Abang Adik dünya adil bir yer değil diye mırıldanırken dünyanın hiç de adil bir yer olmadığını haykıran bir yapım olarak karşıma çıktı… Yönetmeni Jing Ong‘un ilk yönetmenlik denemesi olan bu film tüm neo noir‘liği – ki benim arzumda bu- ile ruha dokunan bir film olmuş.
Malezya yapımı bu suç- drama filmi Kuala Lumpur’un Pudu bölgesinde kimliksiz yaşayan Abang ve Adik’in birbirine tutunma çabaları özelinde yabancı göçmenlerin hayatta kalma mücadelesini konu almakta.

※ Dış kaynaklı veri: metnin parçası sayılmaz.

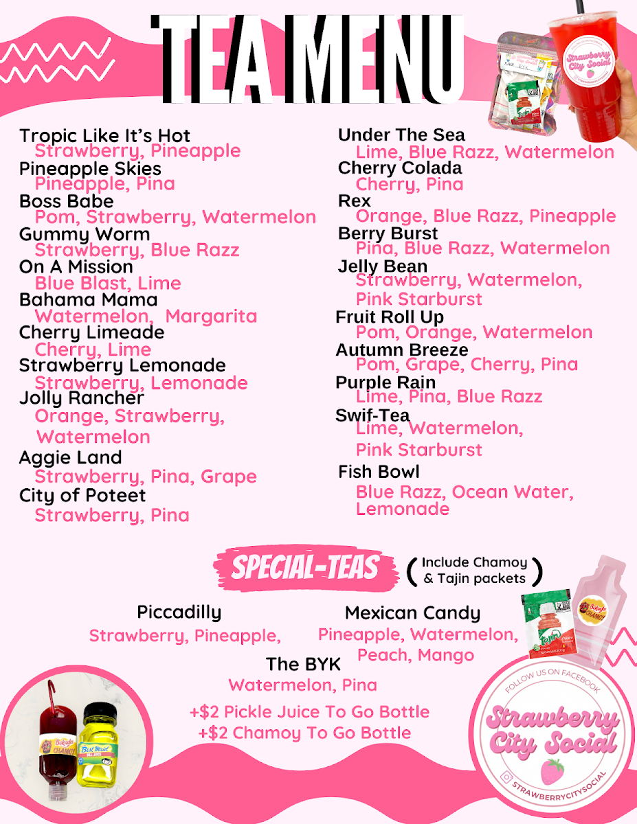 The essence of Strawberry City Social lies in its unique offerings. With a diverse menu boasting enticing options, you'll discover everything from energizing teas to refreshing lemonades. Their signature drinks such as the Mexican Candy Tea and Strawberry Colada are local favorites that consistently receive rave reviews. When you take a sip of the Mexican Candy Tea, the blend of sweet and spicy flavors dances on your palate, while the Strawberry Colada serves up a tropical escape in a cup—perfect for those warm afternoons.

Yönetmen iyi ile kötü, uysal ile asinin tezatlığında insanın insana, insanın sevgiye tutunma çabasını kan bağı olmayan iki kardeş üzerinden derin bir şekilde işlemekte.
Film gerçek hayatta göçmen işcilerin yaşama dair zorlu mücadelesini yansıtırken bu iki kimliksiz kardeş üzerinden Malezya halkının toplumsal anlamda ötekileştirilmiş olmasını da gözler önüne sermektedir. Aynı zamanda film sadece Malezya değil tüm dünya üzerinde kimliksiz, belgesiz, vatansız, göçmenlerin umutsuz hayatlarına empati yoluyla dokunmamızı sağlıyor.

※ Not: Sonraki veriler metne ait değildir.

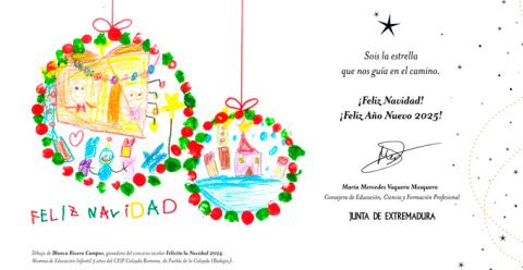 La ganadora del concurso en categoría de Educación Infantil ha sido también una alumna de las Vegas Bajas, Blanca Rivero Campos, alumna de Educación Infantil 5 años del CEIP Calzada Romana. Su dibujo fue el que se envió desde la Consejería de Educación para felicitar las fiestas a la comunidad educativa.

Tezatlığın Denkleminde Muazzam Denge
Abang sağır ve dilsizdir. Kamu düzeni içerisinde istikrarlı ve azimli şekilde çalışarak para kazanma peşindedir. Adik ise Abang’in aksine kaderine isyan bayrağını açık aşikar çekmekte ve Pudu’dan kurtulma yolları ararken yasa dışı tüm yolları denemektedir. Adik’in dağıttığı her şeyi ağabey Abang toparlamakta bir nevi kurtarıcısı olmaktadır. İki kardeş arasındaki bu sonsuz güven beklenmedik bir olay ile sarsılacaktır. Bu noktada yönetmen insanın insandan vazgeçme eşiğindeki vicdan sorgusunda tüm değerlerin yeniden inşa etmesine bizleri de şahit tutmaktadır.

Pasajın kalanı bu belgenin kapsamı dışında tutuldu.